Negli ultimi anni, il boom dell’intelligenza artificiale è stato trainato principalmente dalle aziende che ne hanno sviluppato l’infrastruttura tecnologica, come i produttori di semiconduttori e i grandi gruppi del software, attirando un enorme interesse da parte degli investitori. Sebbene abbiano registrato performance eccezionali, la prossima fase della rivoluzione dell’intelligenza artificiale potrebbe essere, secondo Fidelity, molto diversa. Anzichè concentrarsi sulle aziende che sviluppano la tecnologia, gli investitori potrebbero iniziare a premiare quelle che la utilizzano con successo per trasformare i propri settori, in primis il settore sanitario.
Il comparto sanitario, peraltro, ha registrato una performance inferiore rispetto al mercato azionario nel suo complesso.
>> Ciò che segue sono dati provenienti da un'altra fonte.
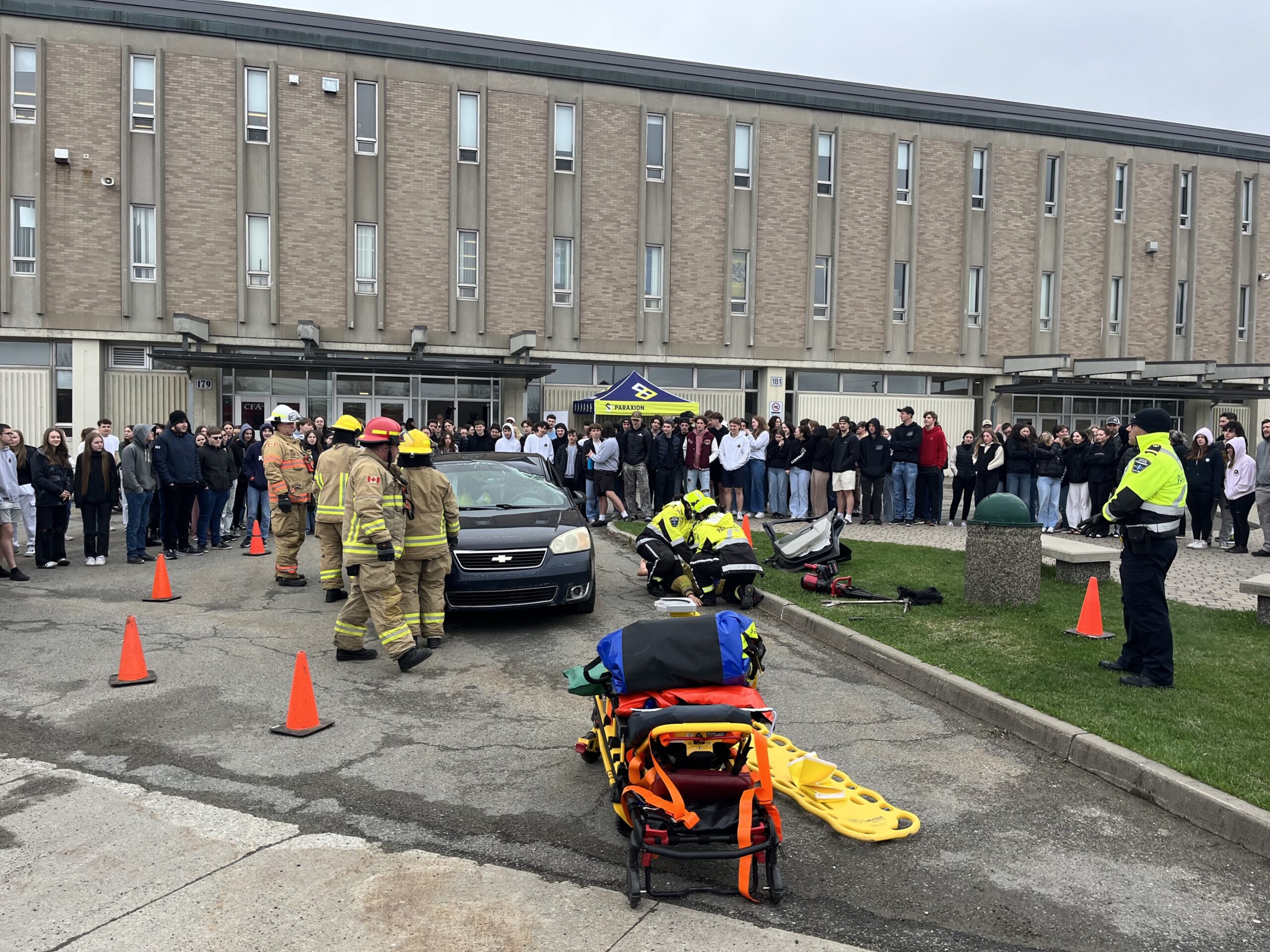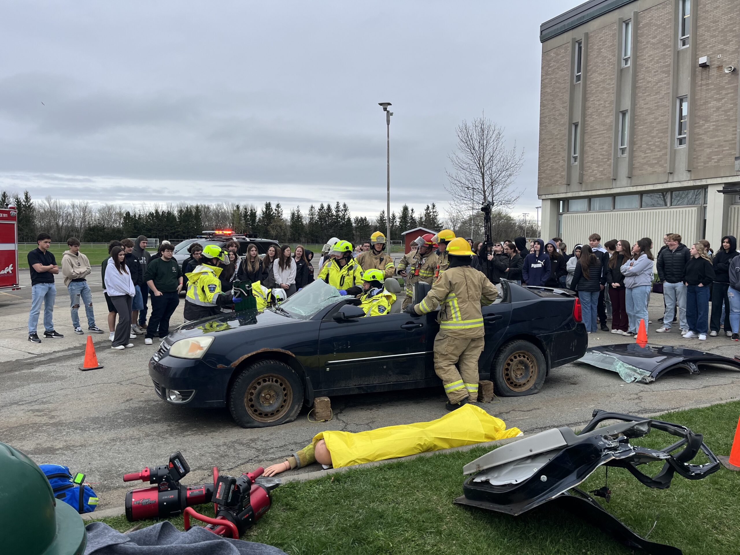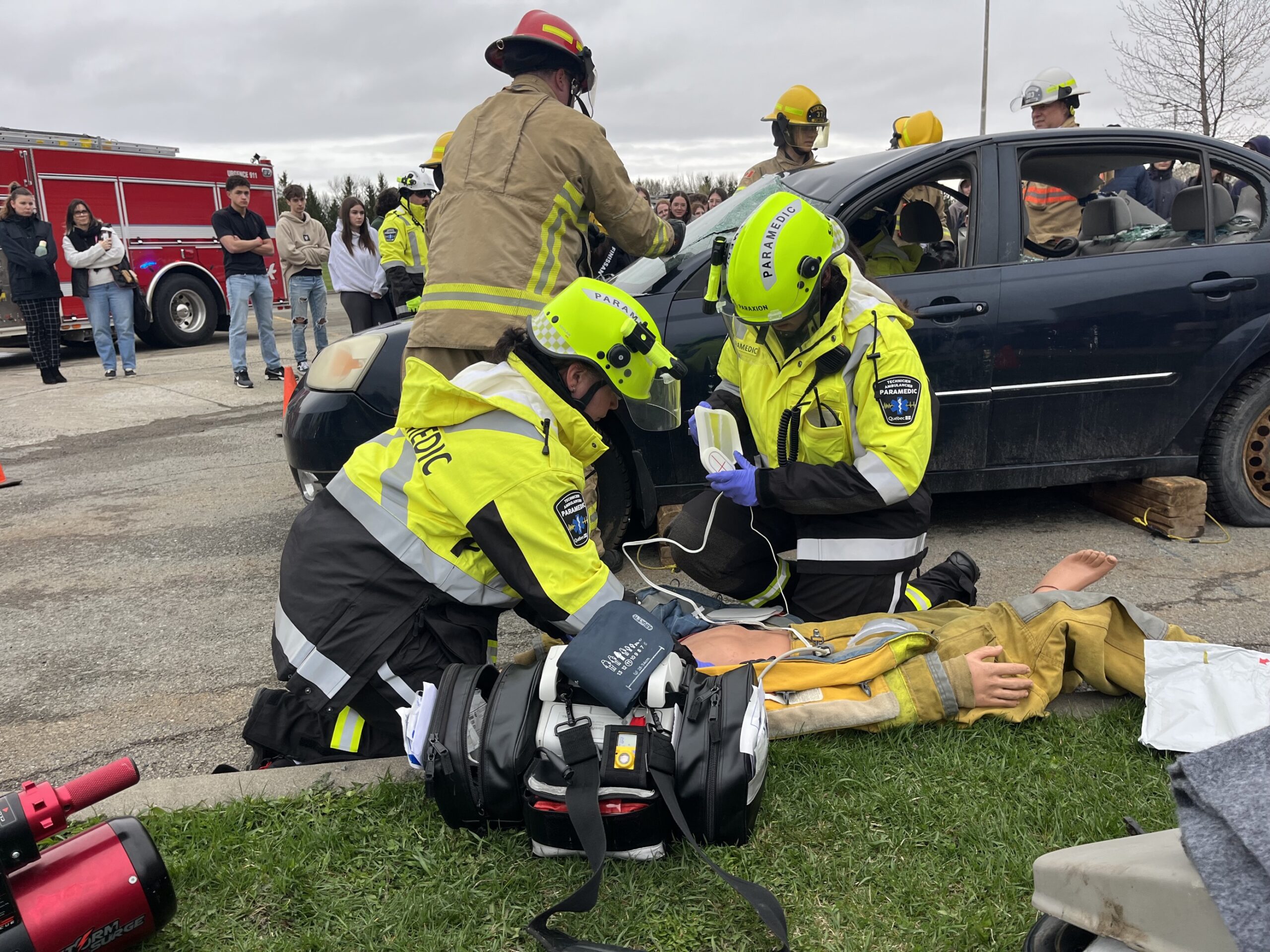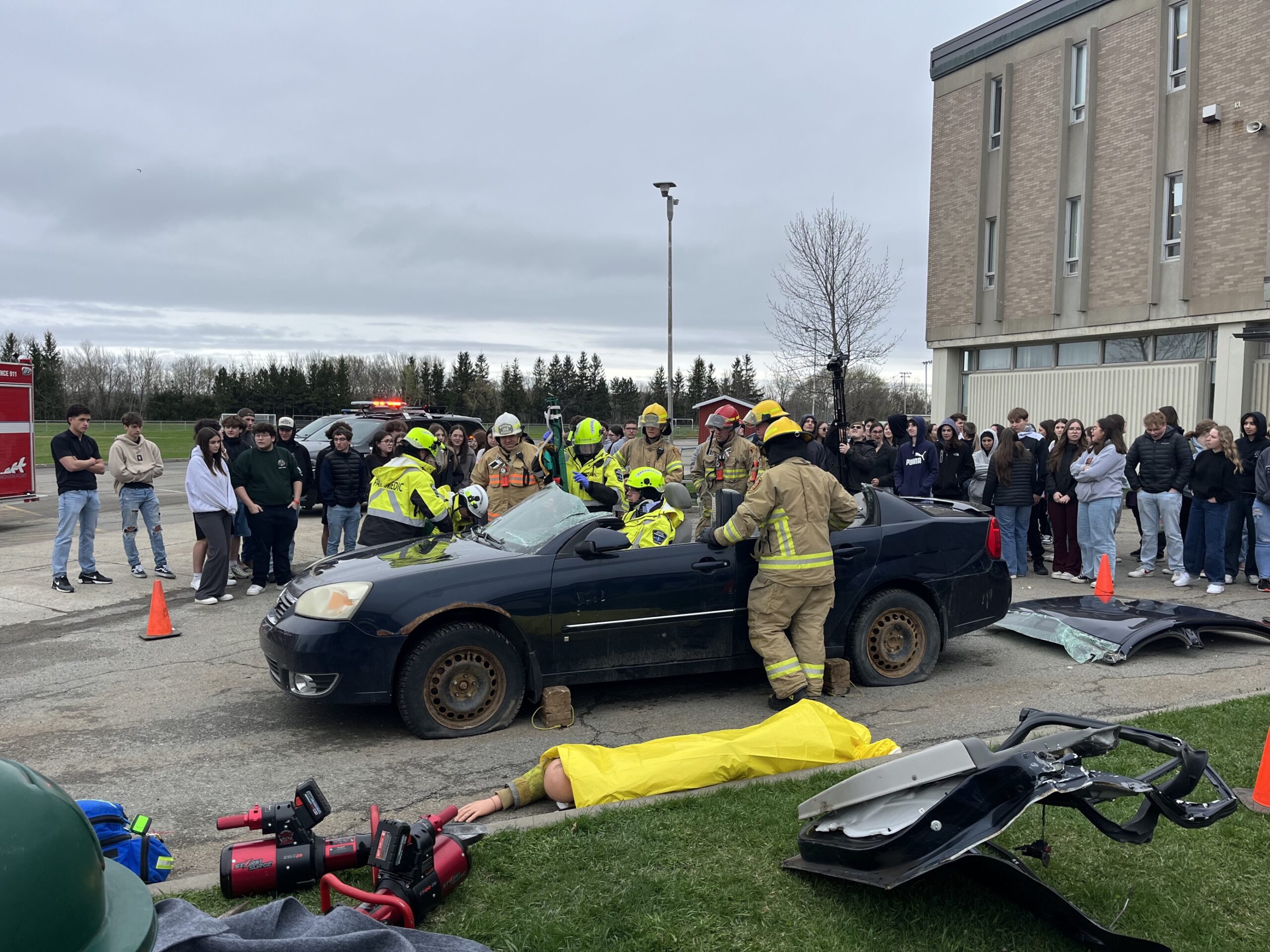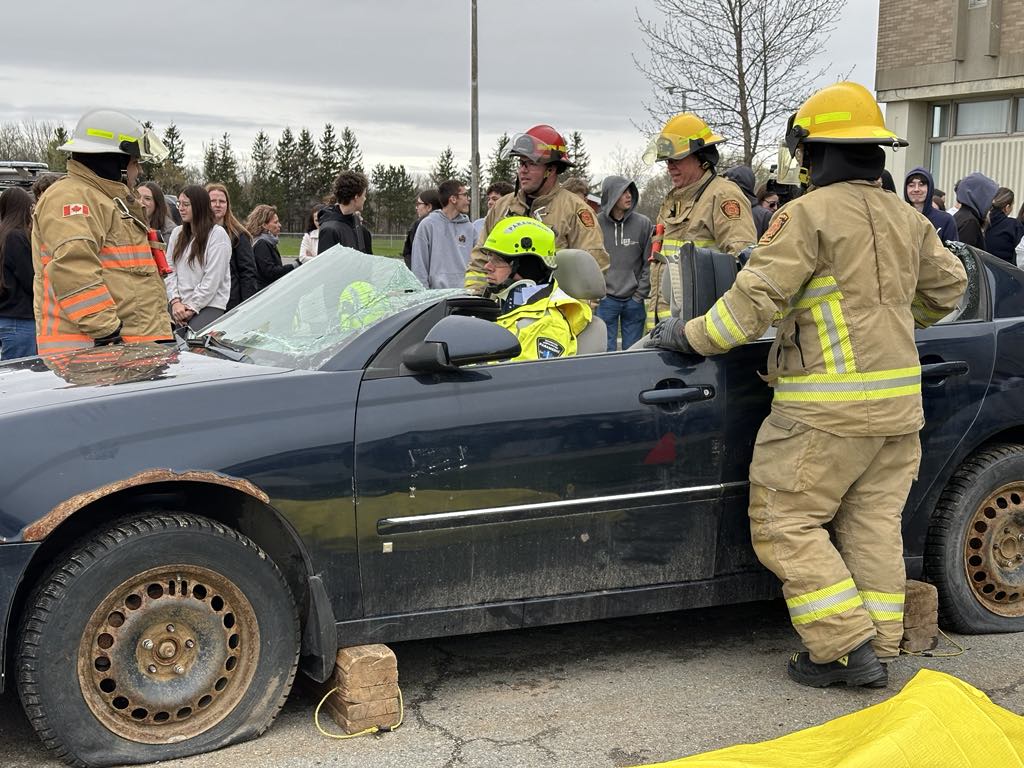 À la suite à ces témoignages, les jeunes ont pu observer à l’extérieur de l’école une intervention des services d’urgence dans une mise en scène impliquant une voiture accidentée et une fausse victime. Soulignons que la voiture a été offerte par le Garage Vincent Giasson.

Dopo la pandemia, l’utilizzo dei servizi sanitari è aumentato rapidamente, e questo ha comportato un incremento dei costi per le compagnie assicurative, comprimendone i margini di profitto; inoltre, cambiamenti normativi e preoccupazioni legate al prezzo dei farmaci hanno rappresentato ulteriori ostacoli per molte aziende del settore.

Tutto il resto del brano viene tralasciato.